### Instructions to follow:
Once the images are set aside, print the remaining lines below exactly.

START Data to examine

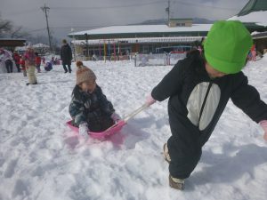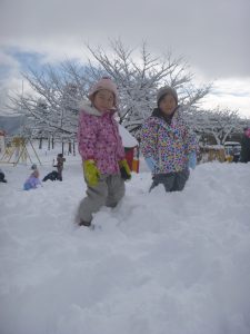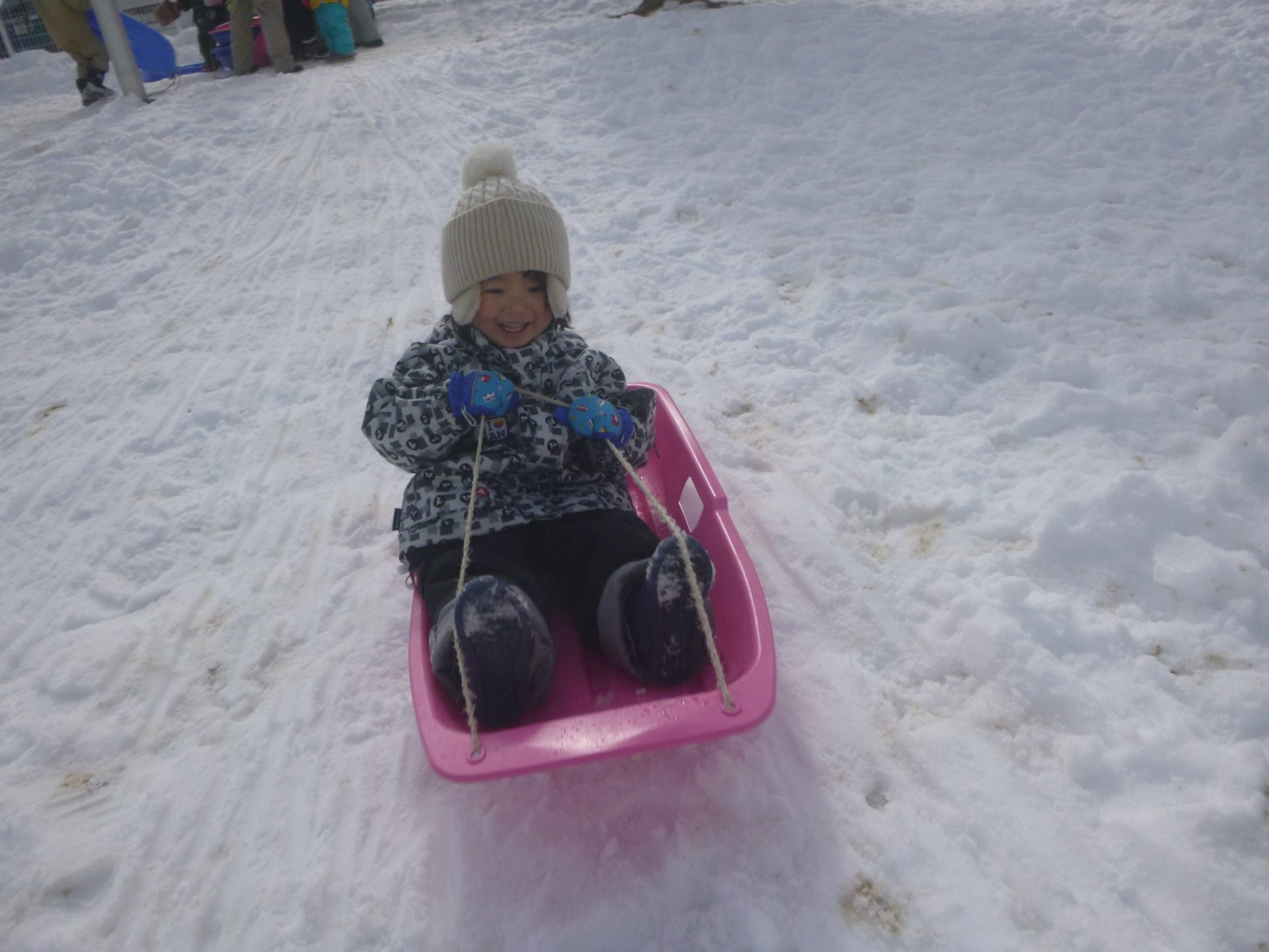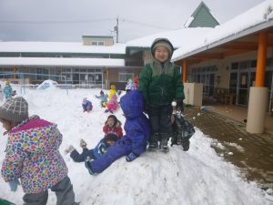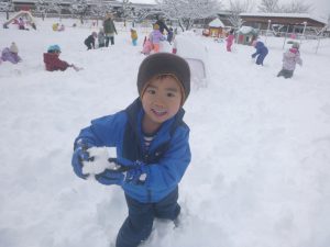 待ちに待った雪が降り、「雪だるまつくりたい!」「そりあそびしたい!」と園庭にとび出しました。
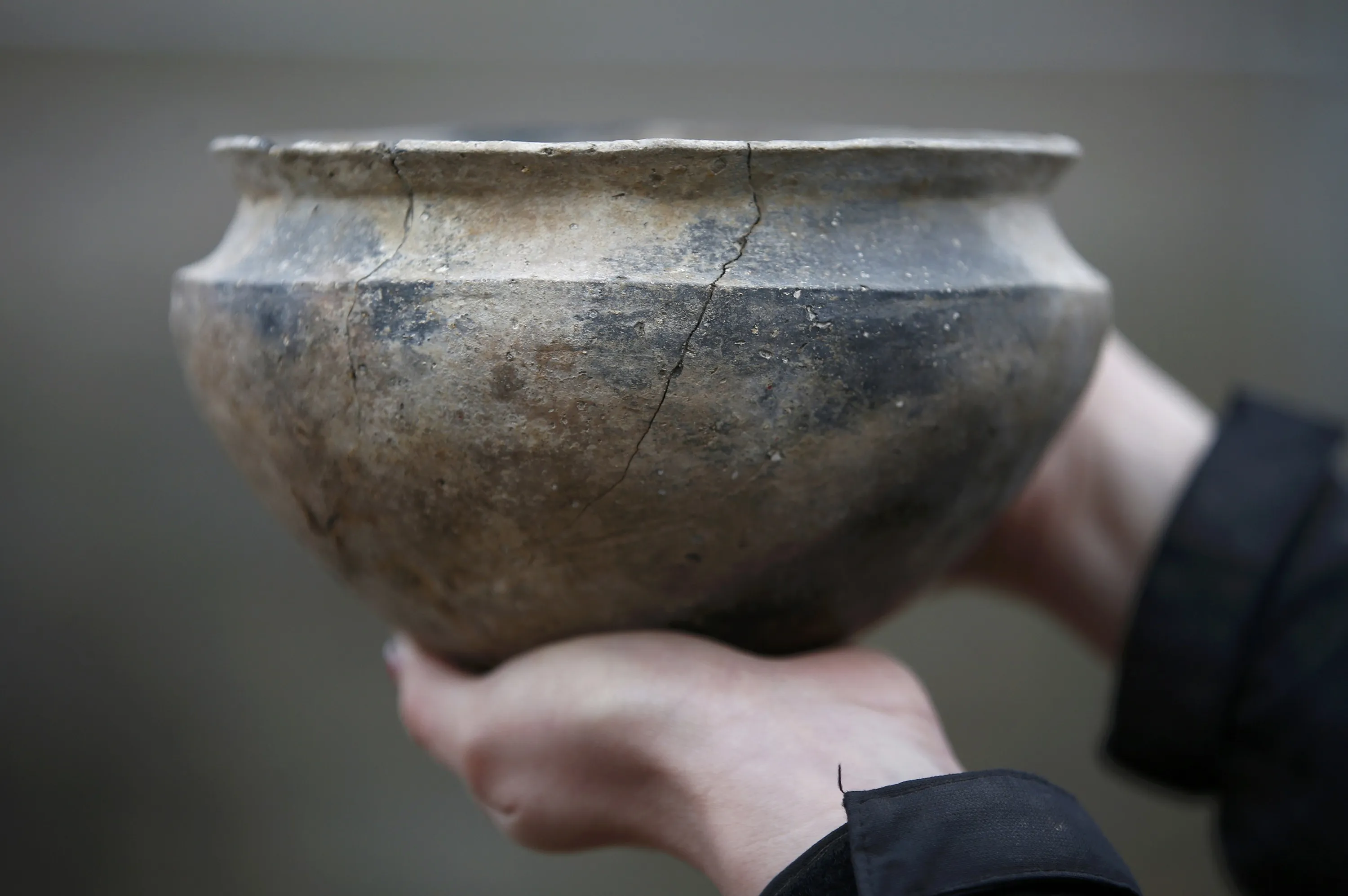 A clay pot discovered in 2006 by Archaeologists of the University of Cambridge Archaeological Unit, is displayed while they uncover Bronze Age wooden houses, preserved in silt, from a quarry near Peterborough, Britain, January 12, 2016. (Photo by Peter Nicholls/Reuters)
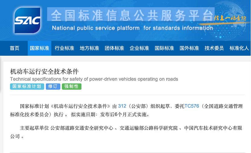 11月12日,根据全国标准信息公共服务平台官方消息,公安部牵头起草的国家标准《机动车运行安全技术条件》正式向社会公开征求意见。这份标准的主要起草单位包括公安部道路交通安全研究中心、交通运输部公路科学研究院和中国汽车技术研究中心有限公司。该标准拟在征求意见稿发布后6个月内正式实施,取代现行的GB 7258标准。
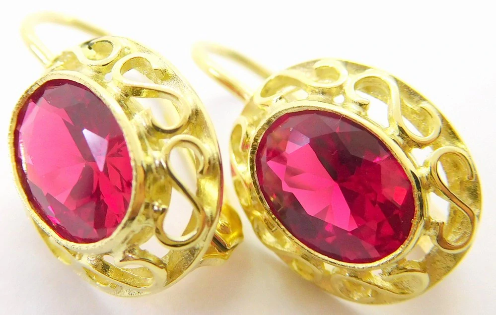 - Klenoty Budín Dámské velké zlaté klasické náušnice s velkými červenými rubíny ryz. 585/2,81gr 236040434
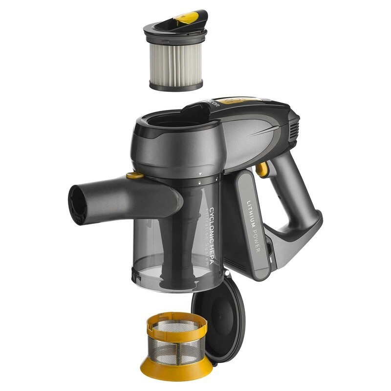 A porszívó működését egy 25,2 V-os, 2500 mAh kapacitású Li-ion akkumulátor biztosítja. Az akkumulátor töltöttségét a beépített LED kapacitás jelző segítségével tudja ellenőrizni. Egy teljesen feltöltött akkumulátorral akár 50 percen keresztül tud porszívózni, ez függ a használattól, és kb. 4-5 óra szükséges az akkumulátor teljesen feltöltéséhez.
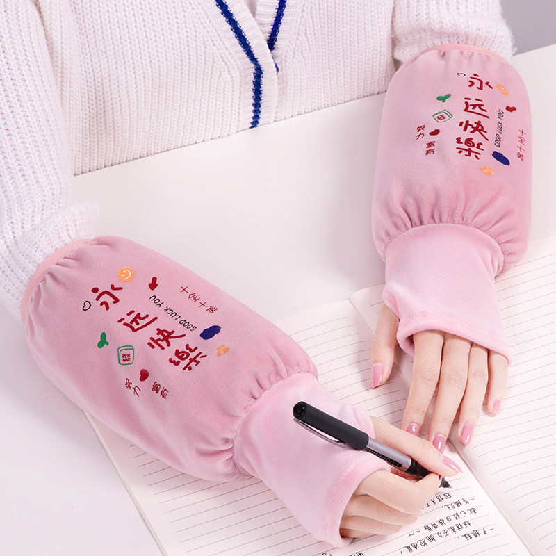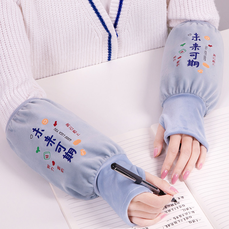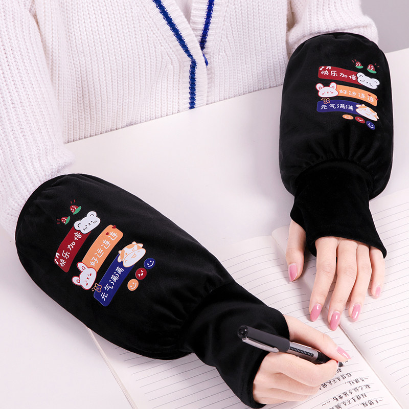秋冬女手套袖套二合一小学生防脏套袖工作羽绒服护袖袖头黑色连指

END Data to examine

### Completed task:
 待ちに待った雪が降り、「雪だるまつくりたい!」「そりあそびしたい!」と園庭にとび出しました。
 A clay pot discovered in 2006 by Archaeologists of the University of Cambridge Archaeological Unit, is displayed while they uncover Bronze Age wooden houses, preserved in silt, from a quarry near Peterborough, Britain, January 12, 2016. (Photo by Peter Nicholls/Reuters)
 11月12日,根据全国标准信息公共服务平台官方消息,公安部牵头起草的国家标准《机动车运行安全技术条件》正式向社会公开征求意见。这份标准的主要起草单位包括公安部道路交通安全研究中心、交通运输部公路科学研究院和中国汽车技术研究中心有限公司。该标准拟在征求意见稿发布后6个月内正式实施,取代现行的GB 7258标准。
 - Klenoty Budín Dámské velké zlaté klasické náušnice s velkými červenými rubíny ryz. 585/2,81gr 236040434
 A porszívó működését egy 25,2 V-os, 2500 mAh kapacitású Li-ion akkumulátor biztosítja. Az akkumulátor töltöttségét a beépített LED kapacitás jelző segítségével tudja ellenőrizni. Egy teljesen feltöltött akkumulátorral akár 50 percen keresztül tud porszívózni, ez függ a használattól, és kb. 4-5 óra szükséges az akkumulátor teljesen feltöltéséhez.
秋冬女手套袖套二合一小学生防脏套袖工作羽绒服护袖袖头黑色连指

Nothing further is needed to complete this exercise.